Projects

Over the years, I've felt the need to actually do something interesting with the very costly education I was getting. So, I tried to devote as much time as classes would allow to a few small projects. Some of these ended up being great for talking to employers.

CycleGAN

May 2020
Repository

This was a project a partner and I did for a deep learning class at the University of Illinois. We tried to recreate the results of the original CycleGAN paper by Zhu et al. CycleGANs perform image-to-image style transfer, but without the need for image pairs. For example, you can train the network to convert winter photos to summer photos and vice versa with a training set of a thousand winter photos and a thousand summer photos. You do not need to find images of the same spot in both winter and summer conditions.

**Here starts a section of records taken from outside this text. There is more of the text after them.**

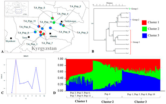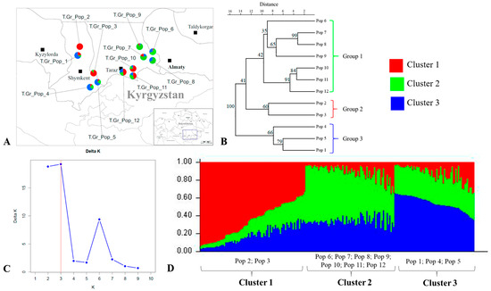 - Evanno, G.; Regnaut, S.; Goudet, J. Detecting the number of clusters of individuals using the software structure: A simulation study. Mol. Ecol. 2005, 14, 2611–2620. [Google Scholar] [CrossRef]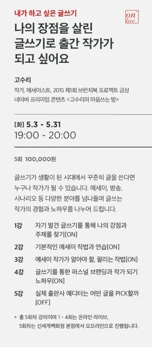 [5회 차 강좌] 나의 장점을 살린 글쓰기로 출간 작가가 되고 싶어요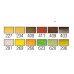 : Охра жовта (227), Сієна натуральна (234), Умбра натуральна (408), Сієна палена (411), Умбра палена (409), Ван-Дік коричневий (403), Титановий буфф (291), AZO Жовтий середній(269), Перм. оранжевий (266), Соковитий зелений (623), Оливковий зелений (620), Азометин зелено-жовтий (296).

Our respository contains result images and training instructions.


RISCV-Emulator

May 2019
Repository

This was a project a friend and I did for personal amusement. We created a simulator to run a RISCV program from an assembly file. You can step through a file instruction by instruction, set breakpoints, and view registers. We also included an assembler to convert from assembly to RISCV machine code.

This project was inspired by Spike , but is far less functional and lacks many of Spike's impressive features.


FPGA Laser Pointer Paint

December 2017
Repository Demo

This was a project a partner and I did for a digital design class. It would track the path of a laser pointer on a wall and draw the path to a screen. We uploaded our design to a DE2-115 FPGA with an attachable camera. The FPGA displayed output to a VGA monitor. We implemented logic for laser tracking, drawing to memory, and controlling the VGA display in Verilog.

A full writeup can be found in the repository's README.